Still in Massachusetts. . . visited my sister and brother-in-law up in Haverhill, then went to see "United 93" with my mother. . . According to Frank Rich in today's Times, the film "reduces the doomed and brave Americans on board to nameless stick figures with less personality than the passengers in 'Airport.' Rather than deepening our knowledge of them or their heroism, the movie caps an hour of air-traffic controller nail-biting with a tasteful re-enactment of the grisly end."

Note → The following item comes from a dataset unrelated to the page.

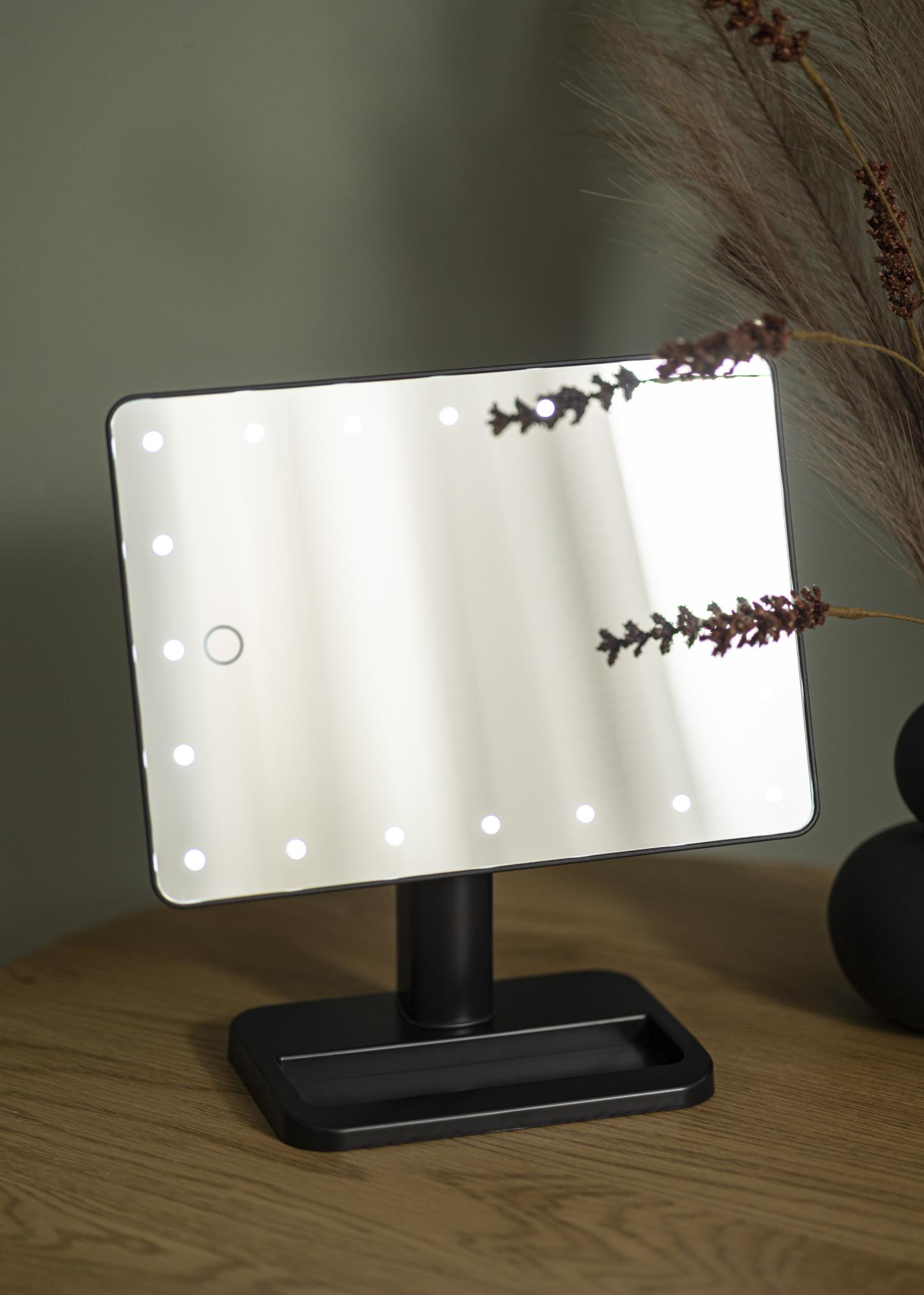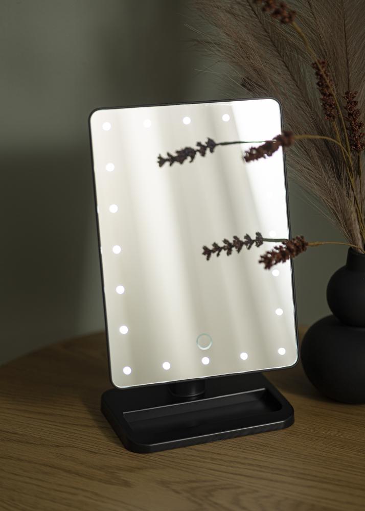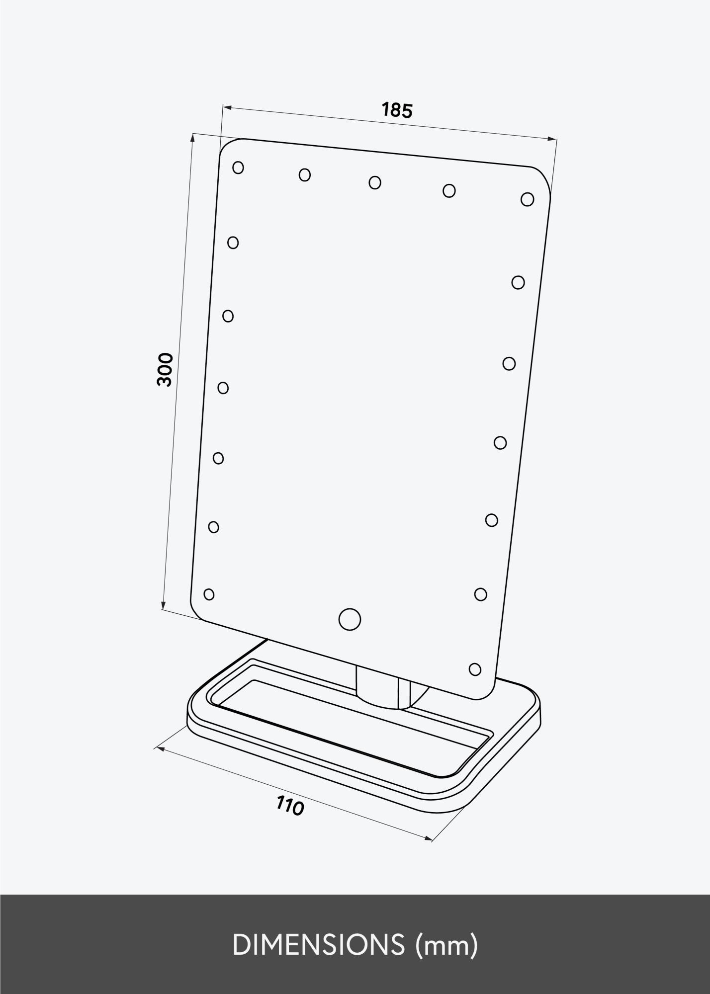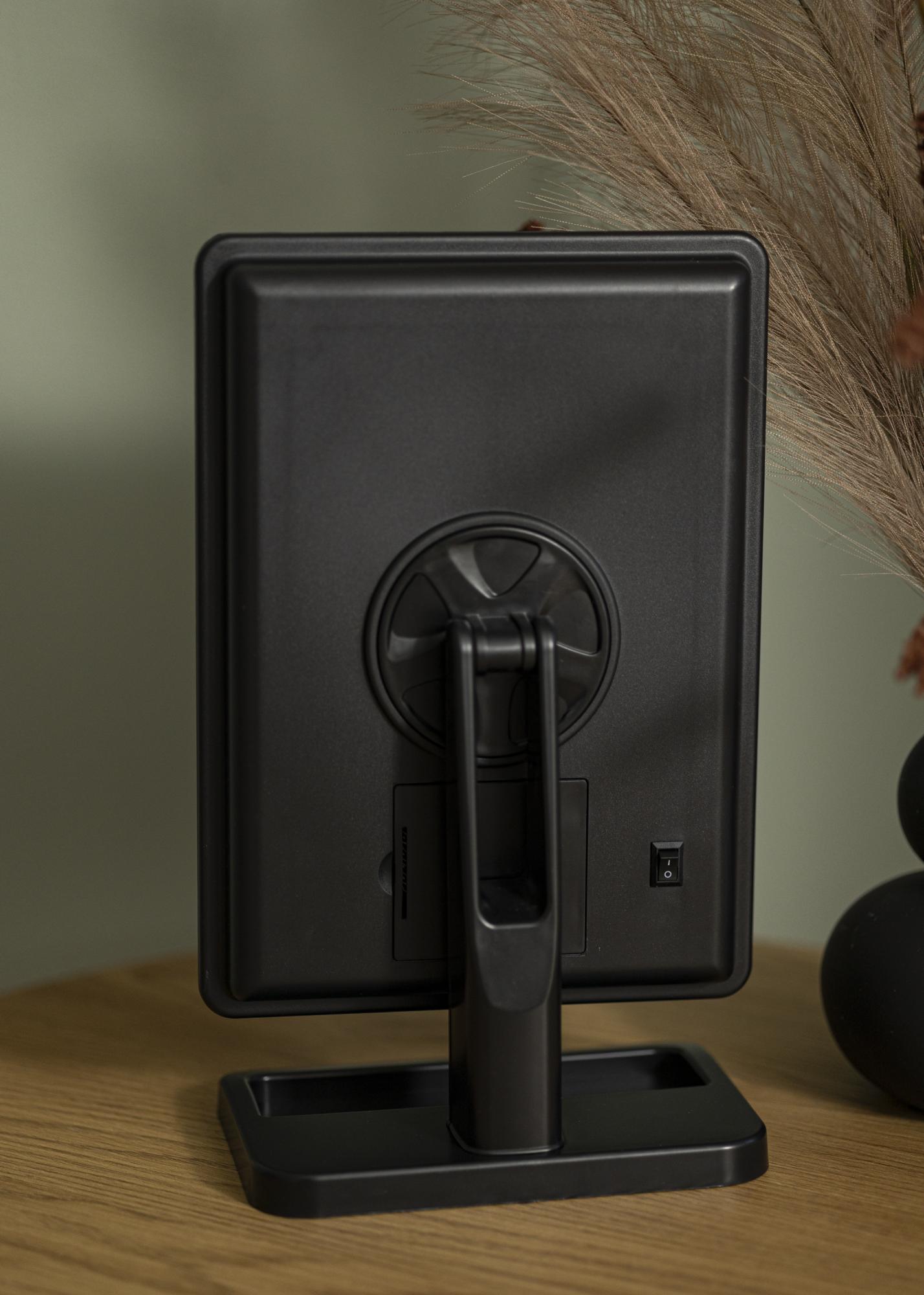 Συμπαγής σχεδιασμός, κομψή εμφάνιση και ομοιόμορφος φωτισμός – το Foot Μαύρο σας προσφέρει όλα όσα επιθυμείτε σε έναν καθρέφτη μακιγιάζ! Η επιφάνεια καθρέφτη 16,5x25 εκ. περιβάλλεται από φωτισμό LED, ο οποίος είναι μια πηγή φωτός που είναι τόσο ενεργειακά αποδοτική όσο και έχει μεγάλη διάρκεια ζωής. Ο καθρέφτης ανάβει μέσω ενός κουμπιού στο πίσω μέρος. Μπορείτε να ρυθμίσετε τη φωτεινότητα του ψυχρού λευκού φωτός κρατώντας πατημένο το κουμπί αφής στην μπροστινή πλευρά του καθρέφτη για μερικά δευτερόλεπτα.

I beg to differ. The movie refuses to pander to the Hollywood convention of selecting and focusing on a single "hero" (someone, possibly played by, say, Bruce Willis, who rises up and calls out "There's more of us than them. Let's get 'em, guys!") and following his (or her) story at the expense of all of the others, the movie takes the wide view and lets the scenes play before the camera, while not picking and choosing what the director thinks might entertain us while ignoring what he thinks isn't essential for moving the story along.
As David Denby notes in The New Yorker, "there's no visual or verbal rhetoric, no swelling awareness of the Menace We All Face. . . In a story of collective and anonymous heroism, we don't want Denzel Washington leading the charge or Gene Hackman wrathfully telling the military to get on the stick . . .This is true existential filmmaking: there is only the next instant, and the one after that, and what are you going to do? Many films whip up tension with cunning and manipulation. As far as possible, this movie plays it straight."
I found the fast editing, the documentary-style hand-held camera shots, and the accumulated sense of dread to be as suspenseful and thrilling (and downright scary) as anything I've seen in film in a while. And most importantly, the movie doesn't demonize the hijackers, nor go out of its way to try and sympathize with them. Instead, it shows them, like the doomed passengers, the air-traffic controllers and the military, to be ordinary men in unusual circumstances - we see their fear, their worry, their concern, we hear one say "I love you" to someone over a telephone, we see the comfort they take in their faith, and we see the beastliness of their reprehensible actions. The camera doesn't flinch (nor does it show graphic bloodshed). Instead, it presents the events as best the filmmaker can reconstruct it, and lets the viewers draw their own conclusion.
I got an email today informing me that an old friend and long-former co-worker died over the weekend from a heart attack. This whole weekend has been a long meditation on our impermanence - my father, the doomed passengers, my friend. . . myself.
Life and death is the great matter. Impermanence is swift. There is only the next moment, and the one after that - what, then, are you going to do?
1 comment:
I am sorry to hear that life is sending you so many lessons. I am glad to hear that you have learned these lessons.